QAnon targeted Hollywood influencer from Columbus. Excerpt from book explains why
Franklin Leonard, the Hollywood influencer who grew up in Columbus, is national news again.
Leonard, a 1996 graduate of Brookstone School and the Ledger-Enquirer’s Page One Awards winner in math that year, is featured in a Feb. 21 story at RollingStone.com.
The article, entitled “Why QAnon Targeted the Creater of Hollywood’s Black List,” is an excerpt from Will Sommer’s new book “Trust the Plan: The Rise of QAnon and the Conspiracy that Unhinged America.”
The excerpt tells Leonard’s story about the horrific accusations against him from strangers posting social media messages. The deluge started in October 2018, adding his name to the list of other Hollywood figures targeted by QAnon, including Tom Hanks, John Legend and Chrissy Teigen.
“But they’re famous,” Leonard told Sommer. “I’m not. I’m just some random guy.”
Leonard, while still attending Brookstone, worked as the scoreboard operator at Golden Park during Columbus RedStixx minor league baseball games. After graduating from Harvard University in 2000, according to his LinkedIn account, he worked as communications director for a Congressional candidate, weekly columnist for a newspaper in Trinidad and business analyst for a management consulting firm. Then he landed his first position in Hollywood as a development executive for John Goldwyn Productions in 2004.
He continued as a development executive for Appian Way Productions and Mirage Enterprises, then became director of development and production for Universal Pictures in 2008.
After a two-year stint as vice president of creative affairs for Overbrook Entertainment, Leonard started working at the Black List full time in 2010 as its CEO.
What is the Black List?
Since 2005, the Black List has released an annual survey of film executives choosing their favorite unproduced screenplays of that year.
The attention this list has given to those screenplays has resulted in more than 300 of them being produced as feature films. Together they amassed more than 270 Academy Award nominations and more than 40 wins, including Oscar-winning pictures “Juno,” “The King’s Speech,” “Argo,” “Spotlight” and “Slumdog Millionaires.”
Leonard’s Twitter page has more than 178,000 followers. So he isn’t just some random guy.
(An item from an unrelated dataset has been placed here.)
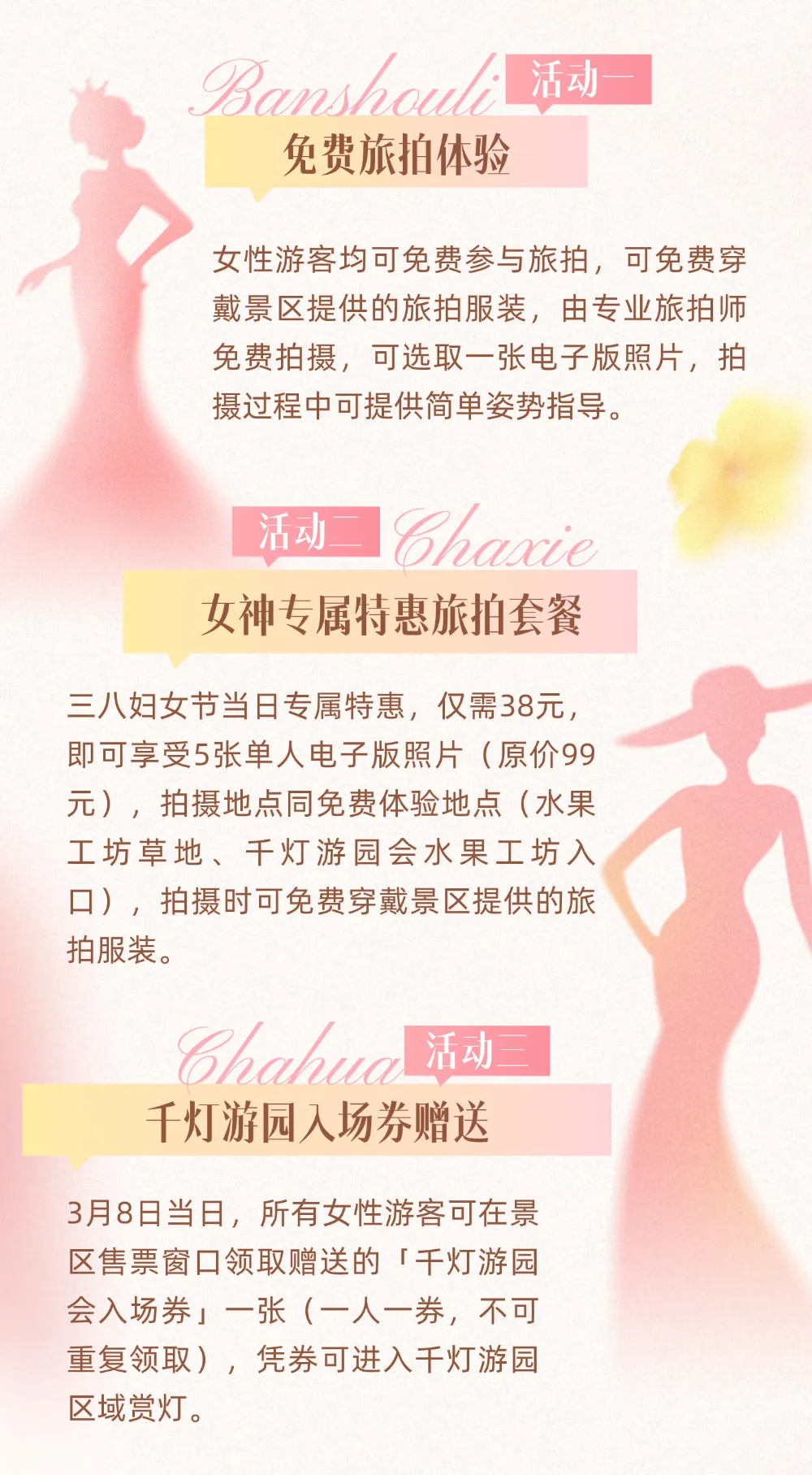 当前位置:首页>美女资讯>春风十里,不如大溪岭有你!女神节专属福利上线!
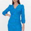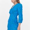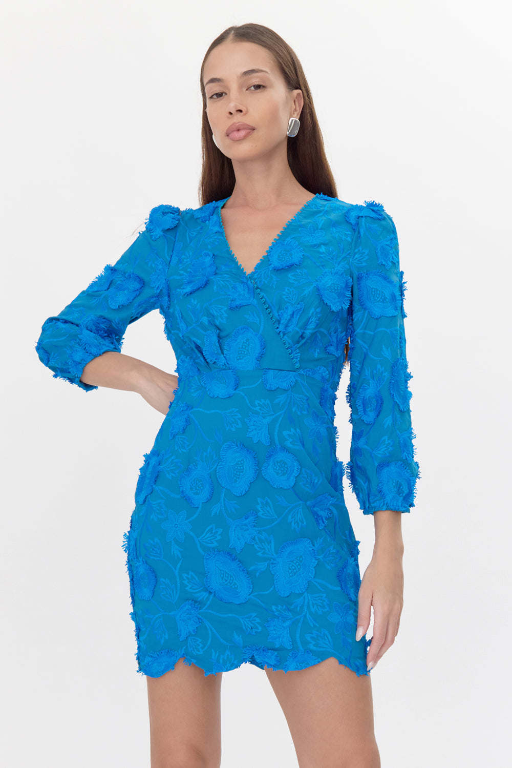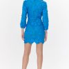 Lace, mini dress featuring a scallop hem and puffed 3/4 sleeves. The dress is finished with a V-neckline and floral design within the lace. It’s rendered in a vibrant blue and is fully lined with a hidden, back zipper.

But he certainly is more behind-the-scenes than in the spotlight.
QAnon, as described by the Anti-Defamation League, is a “decentralized, far-right political movement rooted in baseless conspiracy theory that the world is controlled by the ‘Deep State,’ a cabal of Satan-worshipping pedophiles, and that former President Donald Trump is the only person who can defeat it.”
When the QAnon messages directed at Leonard included death threats, he started to worry .
“Leonard became more nervous walking on the street in Los Angeles, fearing that each stranger he passed on the sidewalk was a QAnon believer coming to kill him in Q’s name,” Sommer wrote.
The excerpt goes on to explain Leonard learned the origin of his QAnon targeting came from a blogger who was a rejected screenwriter and “portrayed Leonard as a globe-spanning puppet-master, running the Muslim Brotherhood with an attachment of Iranian allies, in between visits to a ‘Cabal-affiliated’ hotel in Los Angeles,” Sommer wrote.
The Black List is considered a way to increase diversity in Hollywood, so Leonard symbolized the forces the blogger “thought had stopped him from succeeding,” Sommer wrote, “even though the two men never had any direct interaction.”
Leonard told Sommer, “If he spent half the time working on his craft of screenwriting as he did on this stuff, he might have had a successful screenwriting career.”
The L-E didn’t reach Leonard for comment before publication.